AIM OF THE TASK: The lines below, from the one holding "然后我们在已经订阅的杂志锁屏" through the one holding "ブレゲの技術、芸術性、伝統的", are to be restated word for word, with all images left out.

=== SUPPLIED INFORMATION ===

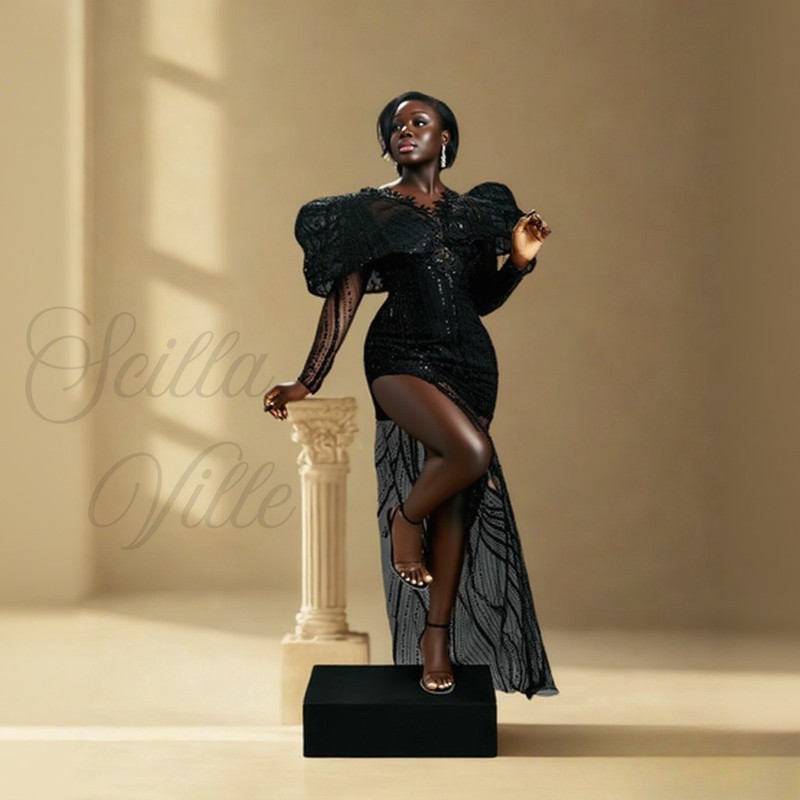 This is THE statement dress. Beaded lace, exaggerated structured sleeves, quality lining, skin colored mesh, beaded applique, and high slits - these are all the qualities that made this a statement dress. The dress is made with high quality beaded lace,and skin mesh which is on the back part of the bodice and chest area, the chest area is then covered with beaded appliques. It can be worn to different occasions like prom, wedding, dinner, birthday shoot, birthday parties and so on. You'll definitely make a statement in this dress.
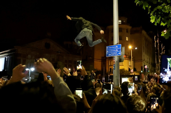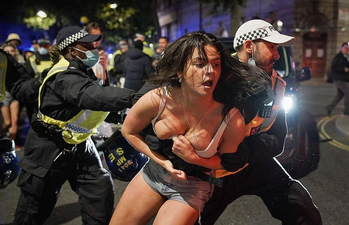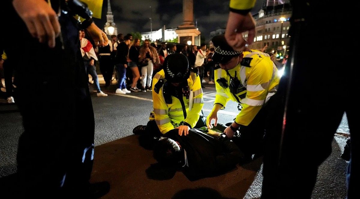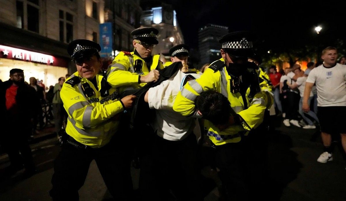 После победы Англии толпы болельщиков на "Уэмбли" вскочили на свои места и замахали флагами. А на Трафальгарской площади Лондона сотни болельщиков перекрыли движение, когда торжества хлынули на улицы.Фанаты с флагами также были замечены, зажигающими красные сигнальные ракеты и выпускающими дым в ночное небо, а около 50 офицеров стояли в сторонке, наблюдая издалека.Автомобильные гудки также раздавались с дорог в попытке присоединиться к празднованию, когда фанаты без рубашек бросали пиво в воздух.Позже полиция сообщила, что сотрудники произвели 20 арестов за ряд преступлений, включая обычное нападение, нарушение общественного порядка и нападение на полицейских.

===
=== SUPPLIED INFORMATION ===

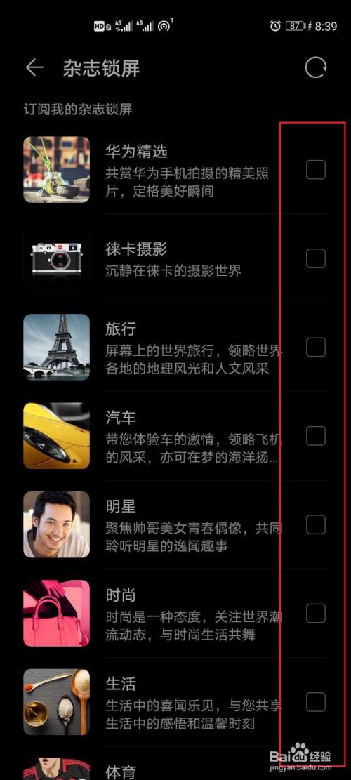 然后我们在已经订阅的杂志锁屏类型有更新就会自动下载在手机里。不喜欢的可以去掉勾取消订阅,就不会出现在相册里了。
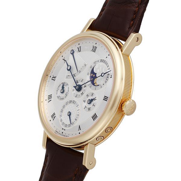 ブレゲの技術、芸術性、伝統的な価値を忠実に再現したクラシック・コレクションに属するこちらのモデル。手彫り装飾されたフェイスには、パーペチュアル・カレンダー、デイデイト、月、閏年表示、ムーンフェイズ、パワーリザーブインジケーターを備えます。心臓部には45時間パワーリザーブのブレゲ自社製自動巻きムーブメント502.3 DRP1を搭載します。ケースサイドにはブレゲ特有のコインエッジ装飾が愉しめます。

===

TASK RESPONSE:
 然后我们在已经订阅的杂志锁屏类型有更新就会自动下载在手机里。不喜欢的可以去掉勾取消订阅,就不会出现在相册里了。
 ブレゲの技術、芸術性、伝統的な価値を忠実に再現したクラシック・コレクションに属するこちらのモデル。手彫り装飾されたフェイスには、パーペチュアル・カレンダー、デイデイト、月、閏年表示、ムーンフェイズ、パワーリザーブインジケーターを備えます。心臓部には45時間パワーリザーブのブレゲ自社製自動巻きムーブメント502.3 DRP1を搭載します。ケースサイドにはブレゲ特有のコインエッジ装飾が愉しめます。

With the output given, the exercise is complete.